◆ HOW TO COMPLETE THIS TASK ◆
Write out exactly, and only, the lines below from the line with "VALGEJÄNES Valgejänes onmetsaelanik." through the line with "los estudiantes manifestantes."; pictures do not belong in the copy.

◆ DATA RECORDS ◆
---+---

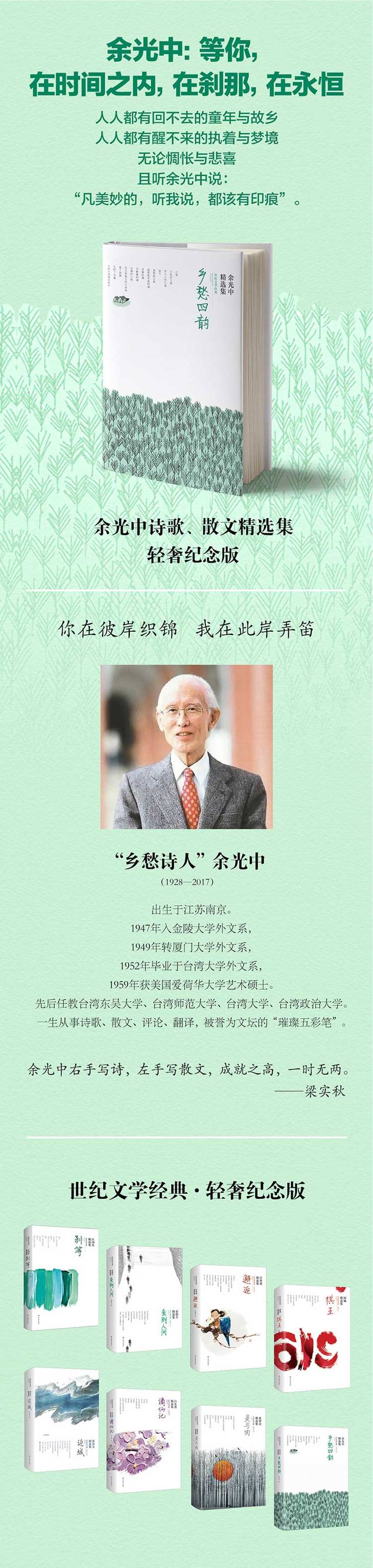 余光中先生是闻名华文文学界的诗人与散文大家。本书是他诗歌和散文代表作的精选集,余光中先生2015年*新修订。
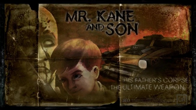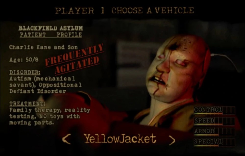 Revenons un peu en arrière. Présent depuis le premier Twisted Metal, Charlie Kane, un chauffeur de taxi, a pour quête de découvrir ce qu’il est arrivé a son fils disparu des années auparavant, qu’on apprends être Needles Kane dans la conclusion de son scénario. Dans Twisted Metal 2, il est le boss final venu « venger » son fils, qu’on a dû tuer durant le mode histoire (ce qui apporte une petite incohérence si on joue avec le clown, mais bon, c’est un personnage bonus obtenable uniquement via un code, je rappelle), et il conduit une version augmentée de Sweeth Tooth nommée Dark Tooth. Dans Black, il revient, avec un twist : le pilote du taxi n’est pas Charlie Kane, mais son corps contrôlé via une télécommande par son fils. Mais qui est le fils, Marcus ou Needles? Plusieurs théories sont possibles, mais celle que je considère la plus juste est que le fils est un faux Marcus Kane, crée par l’esprit de Needles pour cacher dans son subconscient la présence de sa seconde personnalité en tant que Minion (renforcé par le fait qu’il est décrit comme le « bon » fils dans sa biographie). Dans sa cinématique de fin, Calypso tue pour de bon Charlie en détruisant la télécommande, ce qui peut être vu comme une représentation évidente de « tuer le père », et/ou un traumatisme refoulé de Needles.
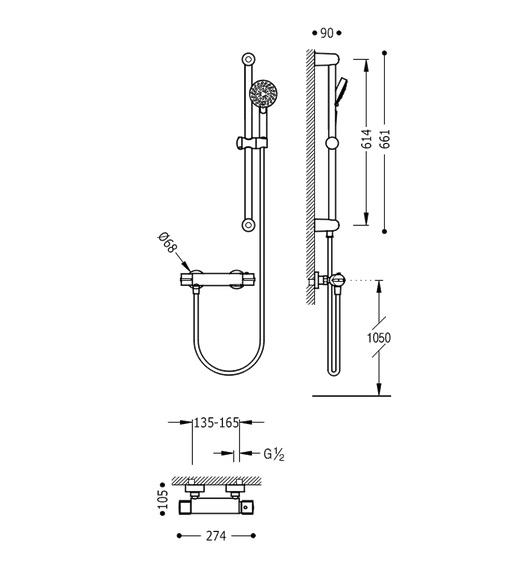 - Шланг для душа: 150 см, диаметр 14,5 мм с механизмом против скручивания
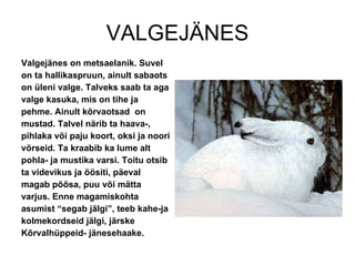 VALGEJÄNES Valgejänes onmetsaelanik. Suvel on ta hallikaspruun, ainult sabaots on üleni valge. Talveks saab ta aga valge kasuka, mis on tihe ja pehme. Ainult kõrvaotsad on mustad. Talvel närib ta haava-, pihlaka või paju koort, oksi ja noori võrseid. Ta kraabib ka lume alt pohla- ja mustika varsi. Toitu otsib ta videvikus ja öösiti, päeval magab põõsa, puu või mätta varjus. Enne magamiskohta asumist “segab jälgi”, teeb kahe-ja kolmekordseid jälgi, järske Kõrvalhüppeid- jänesehaake.
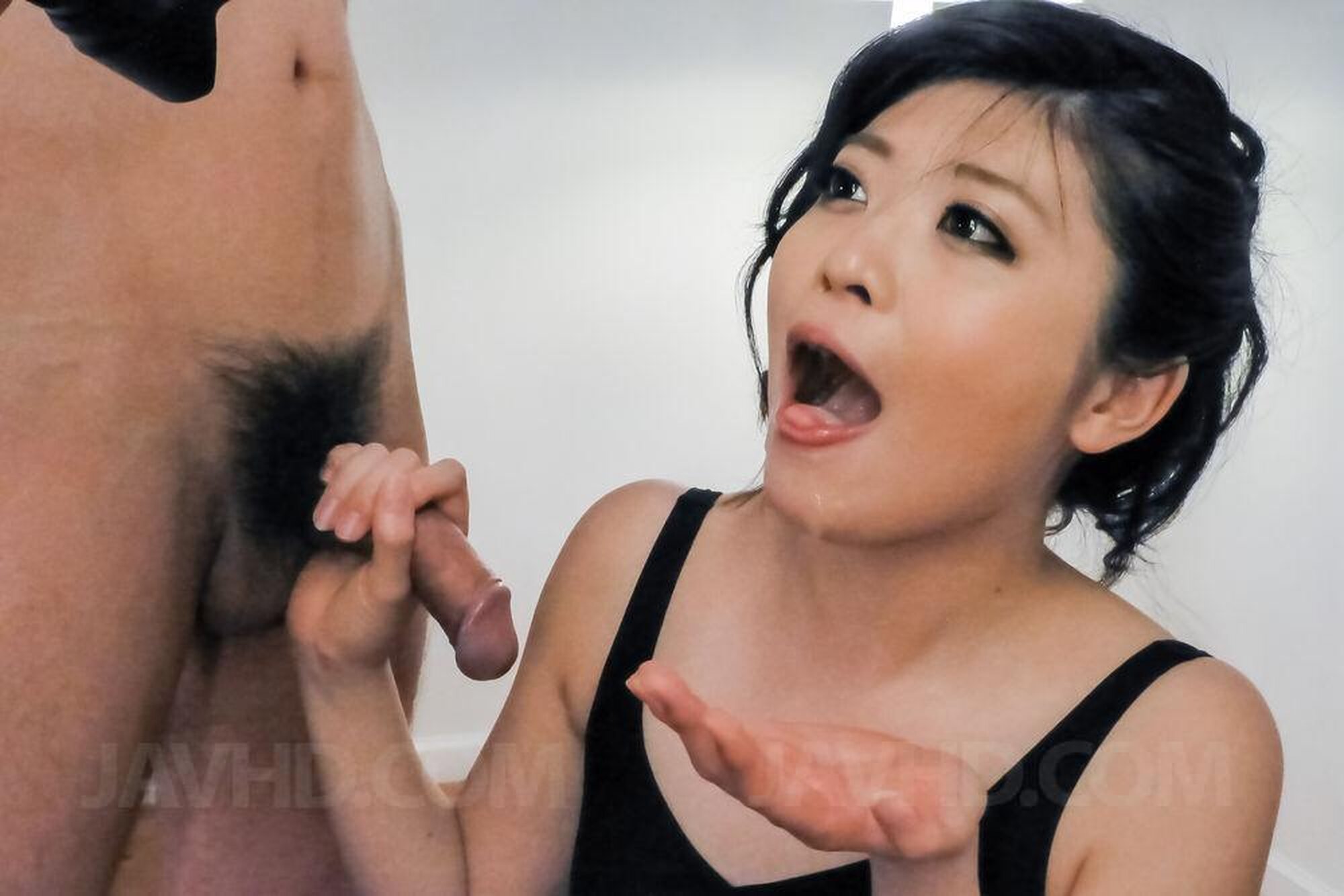 Ryoko Murakami Asian strokes boner and shows tongue with cum
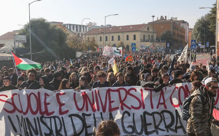 “Vamos a bloquear las escuelas y universidades por una nueva educación, contra las escuelas [del ministro de Educación] Valditara y las universidades [de la ministra de Educación Superior] Bernini, por una Palestina libre, por un mundo nuevo”, declaran los estudiantes manifestantes.
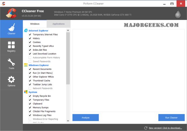 The drive cleaner and registry cleaner are both conservatives. There are drive cleaners out there that can clear more space if needed, but they aren't as safe as CCleaner. While we don't recommend cleaning your registry, again, CCleaner is very conservative, and I've never had an issue after thousands of uses.
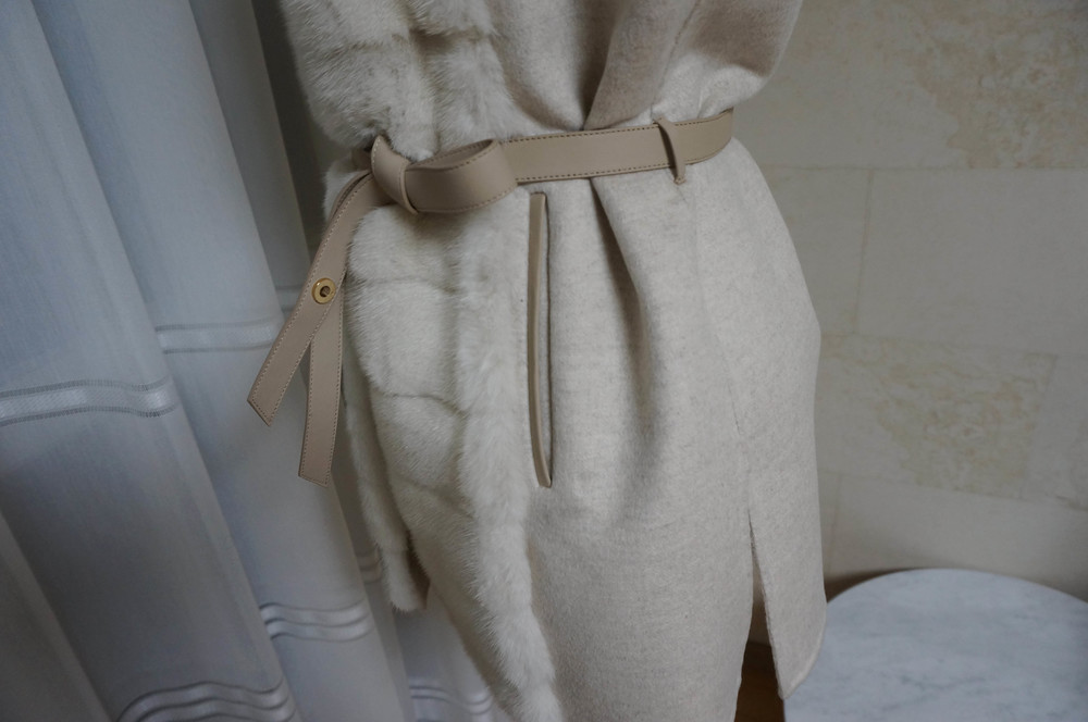 컬러는 염색하지않은 아이보리빛 밍크의 연한 오트밀컬러의 울캐시미어소재예요

---+---

◆ TASK ANSWER ◆
 VALGEJÄNES Valgejänes onmetsaelanik. Suvel on ta hallikaspruun, ainult sabaots on üleni valge. Talveks saab ta aga valge kasuka, mis on tihe ja pehme. Ainult kõrvaotsad on mustad. Talvel närib ta haava-, pihlaka või paju koort, oksi ja noori võrseid. Ta kraabib ka lume alt pohla- ja mustika varsi. Toitu otsib ta videvikus ja öösiti, päeval magab põõsa, puu või mätta varjus. Enne magamiskohta asumist “segab jälgi”, teeb kahe-ja kolmekordseid jälgi, järske Kõrvalhüppeid- jänesehaake.
 Ryoko Murakami Asian strokes boner and shows tongue with cum
 “Vamos a bloquear las escuelas y universidades por una nueva educación, contra las escuelas [del ministro de Educación] Valditara y las universidades [de la ministra de Educación Superior] Bernini, por una Palestina libre, por un mundo nuevo”, declaran los estudiantes manifestantes.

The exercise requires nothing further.